Face it, human beings are social animals. Alone, you can only do so much. Together, you can achieve so much more. So find a partner, and start paddling away to make progress.
- Lesson of the heart
“If you want to change the world, measure a person by the size of their heart, not the size of their flippers”
Motivation often trumps other attributes. As a philosopher once said, it is not the dog, but the size of the fight in the dog that matters. If you want to make a change, fight hard, and fight with all your heart.
- Lesson of having a bad day
“If you want to change the world get over being a sugar cookie and keep moving forward.”
Some days, you’re the boxer, on others, you’re the bag. At some point, you will fail, because no one is perfect. The “sugar cookie” exercise in Navy SEAL training is designed to put trainees through a stressful day where they’re just looking to get to the end of it somehow in one piece. So push through when things look grim, because tomorrow’s a new day. Keep moving forward.
- Lesson of doing the extra work
“If you want to change the world, don’t be afraid of the circus”
The Navy SEALs’ “circus” is an extra two hours of calisthenics for trainees that fail a daily physical training event, designed to build character, strength, and stamina if you don’t quit. In that sense, we all live though our own “circus” in life, but do that extra hours, grueling though it might be, because on the other side of a life-changing experience lies a new you.
- Lesson of overcoming your fear
“If you want to change the world sometimes you have to slide down the obstacle head first”
As a Navy SEAL, McRaven went on an obstacle course twice a week. The “slide for life” was a feared obstacle course; it was dangerous and put the SEALs at risk. Fear might paralyze, but it is also a powerful motivator, so take a chance and forge ahead through the valley of fear.
- Lesson of confronting “your daily shark”
“If you want to change the world, don’t back down from the sharks”

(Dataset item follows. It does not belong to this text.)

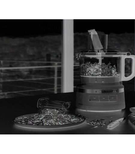 KitchenAid Food Processor, creme Farbe: Creme Material: Schüssel und Motogehäuse Kunststoff Messer und Schneid-/Reibscheiben Edelstahl Maße: B x H x T ca. 39 x 19,5 x 19,5 cm Inhalt: Inkl. Vielzweck- und Teigmesser, beidseitig verwendbare Schneid-/Reibscheibe (4 mm, mittel) und Schneidscheibe (6 mm, dick), Schüssel, Antriebsadapter und Bedienungsanleitung Gewicht: Ohne Zubehör ca. 2,9 kg, mit Zubehör ca. 3,9 kg Füllmenge: Ca. 1,7 l Leistung: 250 W Energieeffizienz-Angaben: Informationen zur Entsorgung sowie zu Sammelstellen in Ihrer Nähe finden Sie unter www.tchibo.de Gebrauchsanweisung: Schüssel, Deckel und Zubehör spülmaschinengeeignet Technische Details: 220-240 V / 50-60 Hz 750-1.500 U/Min (2.800 b. Puls-Modus) Sonstige Hinweise: Hersteller und Garantiegeber: KitchenAid Europa, Inc., Nijverheidslaan 3, box 5, 1853 Strombeek-Bever, Belgium Garantiedauer: 2 Jahre Garantieumfang: auf das Gerät Geltungsbereich: in allen Verkaufsländern Modellnummer: 5KFP0719EAC Hersteller-EAN-Code: 5413184603304 3 Geschwindigkeitsstufen und ImpulsfunktionVielzweckmesser aus Edelstahl – zum Zerkleinern von rohem Obst und Gemüse oder Nüssen, zum Hacken von Kräutern, zum Zubereiten von Dressings und Saucen und vielem mehrFüllmenge ca. 1,7 LiterBeleuchtete LED-BedienelementeVielfältiges Zubehör wie Vielzweck- und Teigmesser, beidseitig verwendbare Schneid-/Reibscheibe und Schneidscheibe2-in-1-Einfüllstutzen im Deckel mit kleinem Zutatenstopfer und kleiner Tropföffnung für ÖlKabelaufwicklung unter der Basis Einfaches Reinigen: Schüssel, Deckel und Zubehör spülmaschinengeeignet ...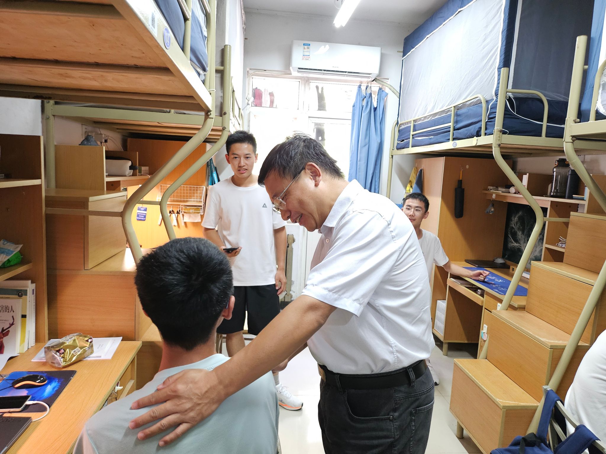 9月3日,王占学书记,刘存良院长,徐永超副书记和张钰凡辅导员来到24级本科新生宿舍,走访慰问了刚踏入大学校园的本科新生们。走访中,刘院长表示,大学是人生崭新的一堂课,期望新生同学们在校园里不仅能练就一身过硬本领,更能学习隐姓埋名,为国铸剑的高贵精神。王占学书记亲切地从多层次多角度与新生展开交流,新生们也与书记分享交流了初入西工大自己的所见所闻所感,和对未来四年的大学生活的期盼与向往。

When you “swim with the sharks”, never back down. The predator’s mindset is such that they prefer to attack the weak, so never turn tail and run. Whether your “shark” attack is physical or verbal, don’t back down and respond while staying true to your values and ethics.

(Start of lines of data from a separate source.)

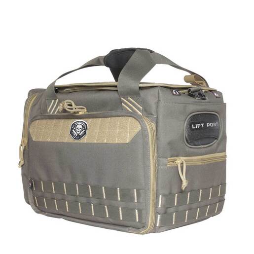 GPS M/L Range Bag - Rifle Green/Khaki - The M/L Range Bag features a n attached interior foam cradle which holds up to 5 medium frame handguns. It utilizes lift ports on each end for easy maneuvering. This range bag also has a visual ID storage system, special pockets for your shooting glasses/magazines/tools, lockable heavy-duty zippers, and an extra magazine storage in its front pocket. Included is a rain cover.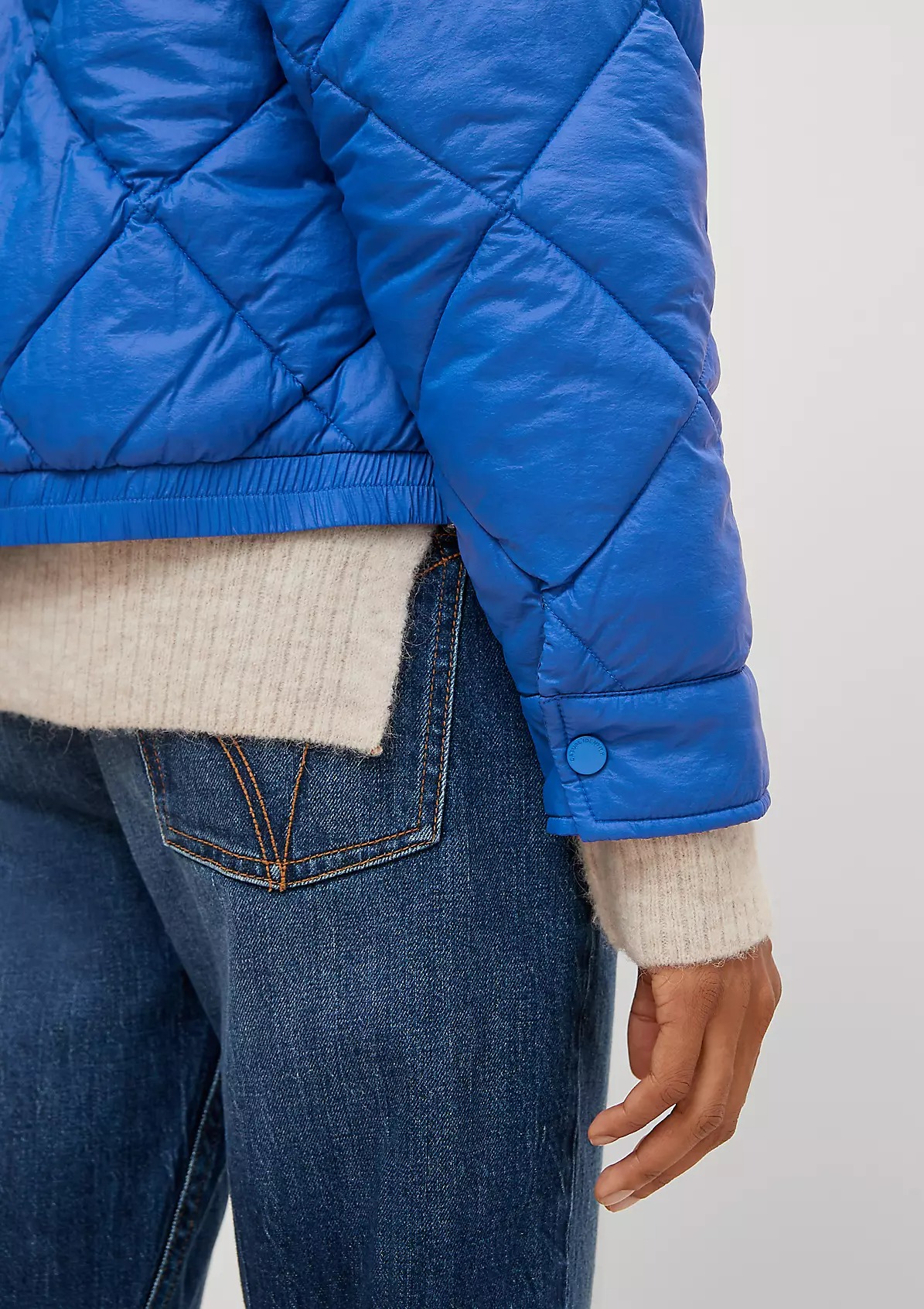 На сайте указаны российские размеры. Утепленная стеганая куртка с потайной молнией. Воротник-стойка. Рукава «летучая мышь», длинные рукава, манжеты. Накладной карман. Длина спины: 57 см в размере 42.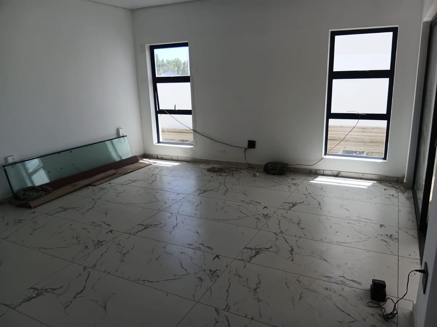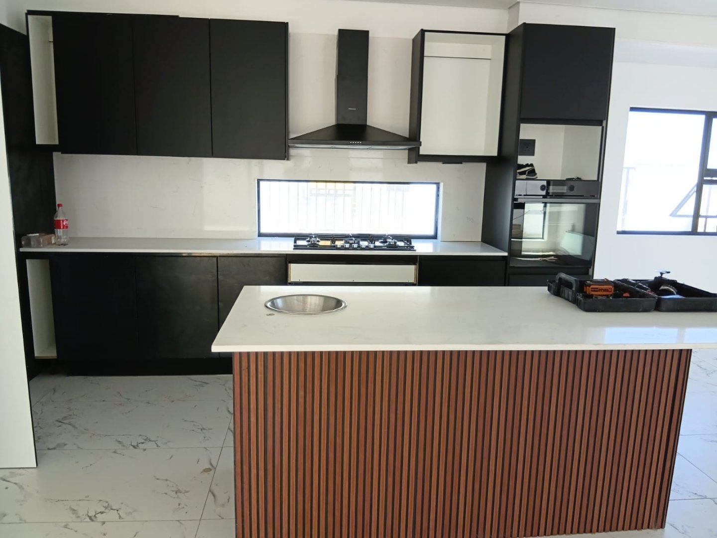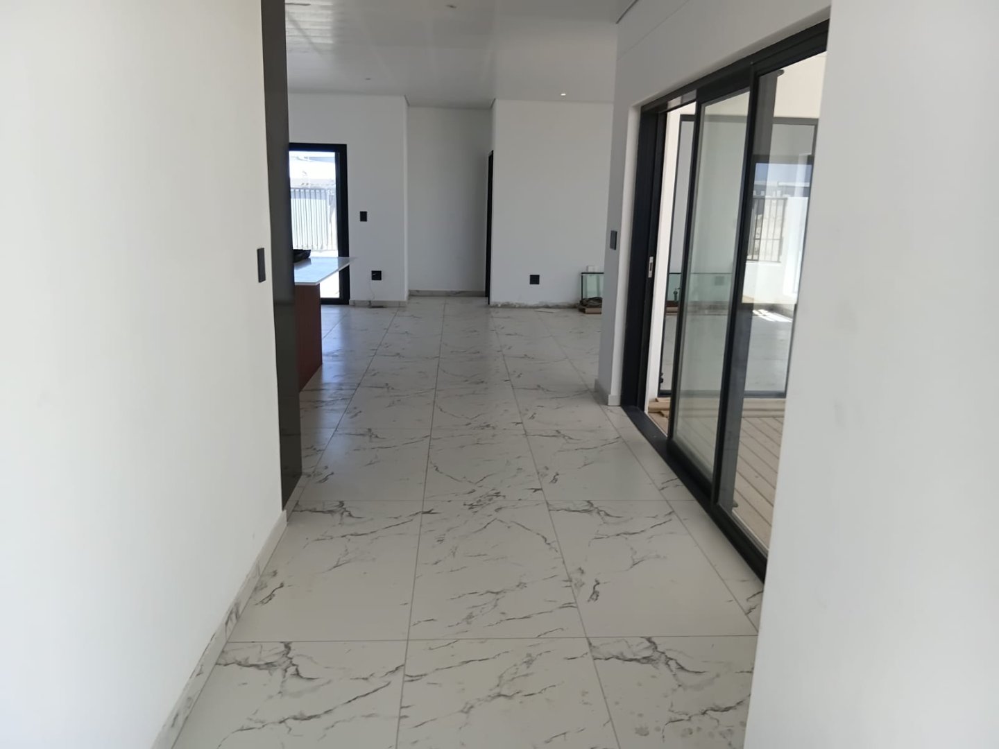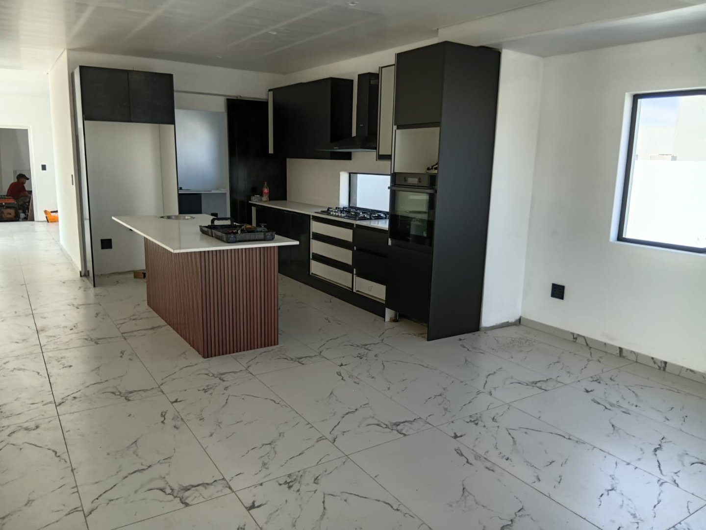 The expansive open-plan living area is defined by clean lines, premium finishes, and abundant natural light. The bespoke kitchen, complete with a separate scullery, seamlessly connects to the dining and lounge spaces — opening onto a covered entertainment terrace with a built-in braai and sparkling swimming pool.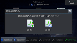 [同期]にタッチすると携帯電話の電話帳データを本機に読み込みます。[同期]にタッチして読み込みできない場合は[追加]にタッチします。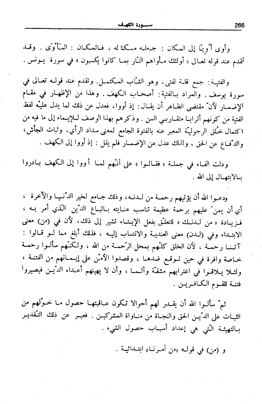 وَالْفِتْيَةُ: جمع قلَّة لفتى، وَهُوَ الشَّابُّ الْمُكْتَمِلُ. وَتَقَدَّمَ عِنْدَ قَوْلِهِ تَعَالَى فِي سُورَةِ يُوسُفَ. وَالْمُرَادُ بِالْفِتْيَةِ: أَصْحَابُ الْكَهْفِ. وَهَذَا مِنَ الْإِظْهَارِ فِي مَقَامِ الْإِضْمَارِ لِأَنَّ مُقْتَضَى الظَّاهِرِ أَنْ يُقَالَ: إِذْ أَوَوْا، فَعَدَلَ عَنْ ذَلِكَ لِمَا يَدُلُّ عَلَيْهِ لَفْظُ الْفِتْيَةِ مِنْ كَوْنِهِمْ أَتْرَابًا مُتَقَارِبِي السِّنِّ. وَذَكَرَهُمْ بِهَذَا الْوَصْفِ لِلْإِيمَاءِ إِلَى مَا فِيهِ مِنِ اكْتِمَالِ خَلْقِ الرُّجُولِيَّةِ الْمُعَبَّرِ عَنْهُ بِالْفُتُوَّةِ الْجَامِعِ لِمَعْنَى سَدَادِ الرَّأْيِ، وَثَبَاتِ الْجَأْشِ، وَالدِّفَاعِ عَنِ الْحَقِّ، وَلِذَلِكَ عَدَلَ عَنِ الْإِضْمَارِ فَلَمْ يَقِلْ: إِذْ أَوَوْا إِلَى الْكَهْفِ.

- Lesson of being your best while experiencing your worst
“If you want to change the world, you must be your very best in the darkest moment”
Some Navy SEAL training missions require them to perform dangerous underwater operations in complete darkness. We may not have SEAL training, but we all have our values and culture systems; dip deep into it to pull you through your darkest moments.

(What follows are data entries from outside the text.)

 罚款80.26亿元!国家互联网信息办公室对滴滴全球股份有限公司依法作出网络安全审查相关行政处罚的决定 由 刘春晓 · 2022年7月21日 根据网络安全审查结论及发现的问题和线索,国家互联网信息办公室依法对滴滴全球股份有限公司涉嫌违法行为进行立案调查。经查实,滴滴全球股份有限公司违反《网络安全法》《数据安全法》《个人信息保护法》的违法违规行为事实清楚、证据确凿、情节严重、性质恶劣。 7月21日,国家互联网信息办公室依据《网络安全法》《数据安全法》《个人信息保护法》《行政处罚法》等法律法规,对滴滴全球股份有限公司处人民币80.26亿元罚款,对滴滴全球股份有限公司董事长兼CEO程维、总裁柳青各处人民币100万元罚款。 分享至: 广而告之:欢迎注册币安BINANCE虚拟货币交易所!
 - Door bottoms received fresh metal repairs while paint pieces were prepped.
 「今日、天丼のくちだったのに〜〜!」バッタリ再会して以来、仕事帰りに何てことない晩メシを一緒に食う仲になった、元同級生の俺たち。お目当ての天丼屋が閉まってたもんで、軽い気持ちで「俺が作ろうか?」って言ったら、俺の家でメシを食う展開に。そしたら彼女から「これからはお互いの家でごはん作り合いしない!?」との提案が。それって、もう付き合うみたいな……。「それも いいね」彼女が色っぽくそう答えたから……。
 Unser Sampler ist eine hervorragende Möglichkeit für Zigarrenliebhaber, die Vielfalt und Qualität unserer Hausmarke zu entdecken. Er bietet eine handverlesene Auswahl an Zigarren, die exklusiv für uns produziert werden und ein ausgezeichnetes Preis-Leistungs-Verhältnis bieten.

- Lesson of raising your voice
“If you want to change the world, start singing when you’re up to your neck in mud”
The ninth week of SEAL training was better known as “Hell Week”. It consisted of six days without sleep, continual physical and mental harassment, and a hellish day at the Mud Flats between San Diego and Tijuana. Often, many SEALs quit right here, but some find a way to power through.
At one moment, with McRaven’s group up to their necks in mud, one SEAL started singing and others joined in. Even in our darkest days, we can cling to something that offers light and hope, for nothing is as bad as it seems to be.
- Lesson of ringing your bell
“If you want to change the world don’t ever, ever ring the bell”
Any time a Navy SEAL wants to quit, all they have to do is go up to the bell and ring it. The question is, what is your bell, and when is it worth ringing? Nothing great was ever accomplished easily, and if you want to do likewise, never, ever ring that bell.
No words would be more fitting to close things out than Admiral McRaven’s own words; “Know that life is not fair and that you will fail often. But if take you take some risks, step up when the times are toughest, face down the bullies, lift up the downtrodden and never, ever give up — if you do these things, then the next generation and the generations that follow will live in a world far better than the one we have today.
And what started here will indeed have changed the world — for the better.”